Prenez un moment chaque matin pour vous asseoir paisiblement, et vous concentrer sur votre souffle. Le matin, quand vous vous réveillez, vous pensez toujours à recharger votre téléphone. Vous restez connectés à votre téléphone. Mais votre lien au monde passe avant tout par votre respiration. C’est la première chose que vous devez recharger chaque jour. Investissez du temps dans cela. Cela signifie que vous investissez dans votre vie. Nous appelons cela le Pranayama. Prana signifie « force vitale », Ayama signifie « expansion ». Le Pranayama, c’est l’expansion de la force vitale.

Pourquoi faites-vous du Pranayama ? Pour votre bien-être. Pour avoir une vie plus belle, plus équilibrée, sur cette planète.
Car chacun de nous est en train d’écrire l’histoire de sa propre vie.
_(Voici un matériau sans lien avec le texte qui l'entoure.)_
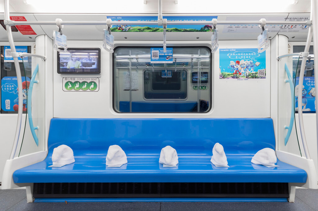这次童年之旅的开端便让我惊喜到不行,计划坐9号线再打车的我,竟然偶遇了9号线蓝精灵专列。一上车就看到车门、车窗上贴满了可爱的蓝精灵,搭配9号线原有的蓝色,就好像真的穿越到了蓝精灵的童梦世界。

Chaque expérience est enregistrée dans nos cellules. C’est pourquoi les cellules ont une mémoire énorme.
De cette cellule unique jusqu’à ce que nous sommes aujourd’hui, notre corps conserve les souvenirs de chacune de nos expériences. Et cette mémoire cellulaire est si compacte… qu’il est difficile de se la représenter.

En Bref

✔ Tu es une réplique vivante du cosmos : ce qui est en toi reflète l’univers entier.

✔ Vata, Pitta et Kapha sont les énergies invisibles qui façonnent ta physiologie et ton caractère.

✔ Ton corps est né d’une seule cellule, déjà porteuse de toute l’intelligence de ta vie.

Chaque respiration t’unit au vivant, aux autres, et au souffle du monde.

✔ Notre respiration influence directement notre santé, notre longévité et notre vitalité.

✔ Ton corps sait se guérir : il a juste besoin de ton soutien et de ton écoute.

Et si, dès demain matin, tu choisissais de te réveiller autrement ? La main sur le cœur, les yeux encore mi-clos, et un simple mot soufflé à ton corps : merci. Merci pour ce souffle, pour cette vie, pour ce lien invisible avec l’univers tout entier. Ce que nous rappelle Dr Maya, ce n’est pas une théorie ancienne, c’est une évidence oubliée : tu es faite de l’intelligence du vivant. Tu es un fragment du cosmos, un chant du souffle, une mémoire cellulaire en mouvement. Ton corps sait. Il sait comment se guérir. Il connaît le chemin. Il porte en lui l’intelligence de la vie, codée dans chacune de ses cellules, à condition que tu lui donne le temps et le soutien dont il a besoin. Pas besoin de tout contrôler. Juste réapprendre à respirer. Revenir au rythme juste. Créer les conditions pour que ton corps puisse faire ce qu’il sait déjà faire : se réparer, s’adapter, s’équilibrer. C’est là, la véritable sagesse : honorer le vivant en toi, et lui faire confiance.